Data:
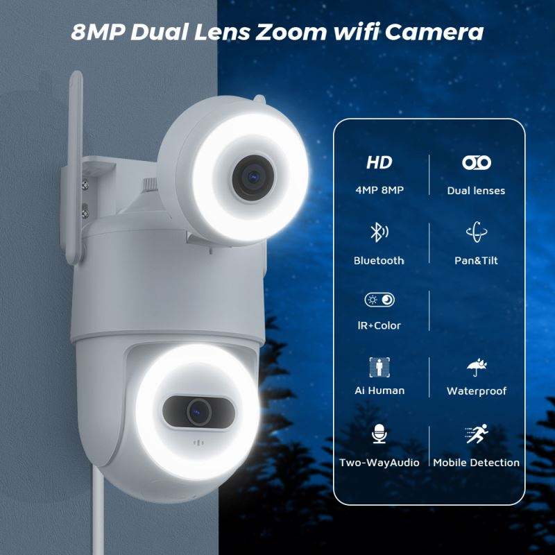 Humanos de seguimiento de movimiento, Visión nocturna, Detección de movimiento, Impermeable / a prueba de mal tiempo, PAN-TILT, De Audio de dos víasCaracterísticas especiales
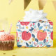 Shanah Tovah con manzanas jugosas, granadas, abejas y flores rosadas sobre fondo blanco, patrón repetido,
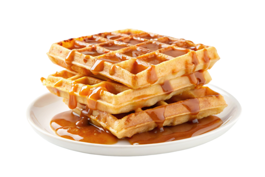 A stack of three waffles on a white plate covered in caramel sauce ready to be eaten for breakfast on transparent background
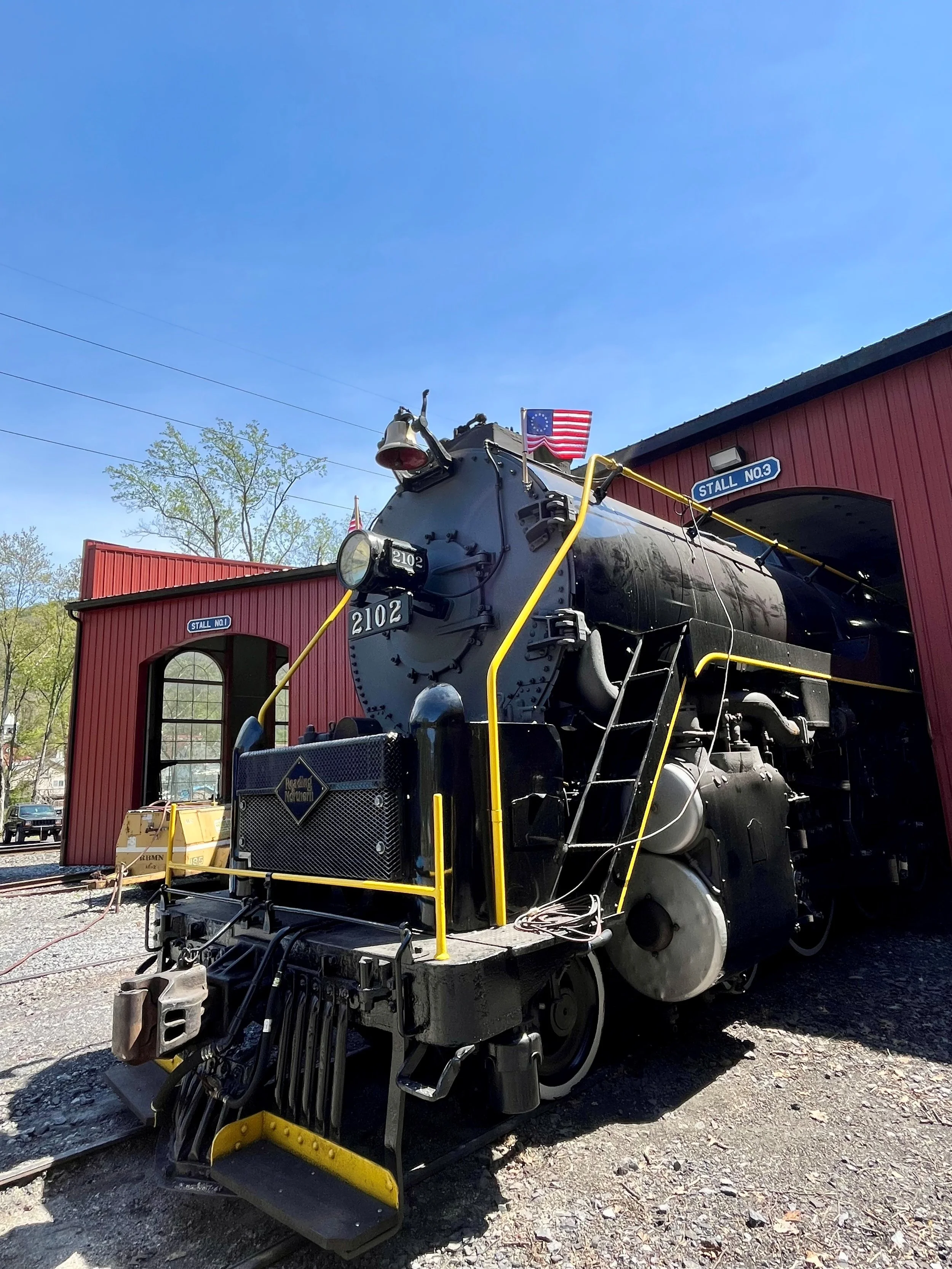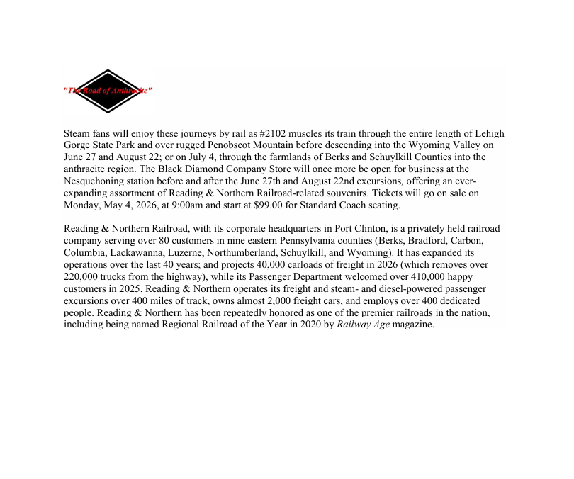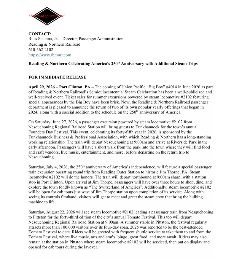 Reading & Northern Celebrating America’s 250th Anniversary with Additional Steam Trips View fullsize Steam locomotive #2102 basks in the sun outside the Port Clinton roundhouse with Betsy Ross flags waving. Matt LiptakApril 29, 2026 Facebook0 Twitter LinkedIn0 Reddit 0 Likes

Your assignment: Reproduce precisely the lines of the listing above, from the line containing "Shanah Tovah con" to the last line, both ends included. Pictures are to be omitted.

Exercise output:
 Shanah Tovah con manzanas jugosas, granadas, abejas y flores rosadas sobre fondo blanco, patrón repetido,
 A stack of three waffles on a white plate covered in caramel sauce ready to be eaten for breakfast on transparent background
 Reading & Northern Celebrating America’s 250th Anniversary with Additional Steam Trips View fullsize Steam locomotive #2102 basks in the sun outside the Port Clinton roundhouse with Betsy Ross flags waving. Matt LiptakApril 29, 2026 Facebook0 Twitter LinkedIn0 Reddit 0 Likes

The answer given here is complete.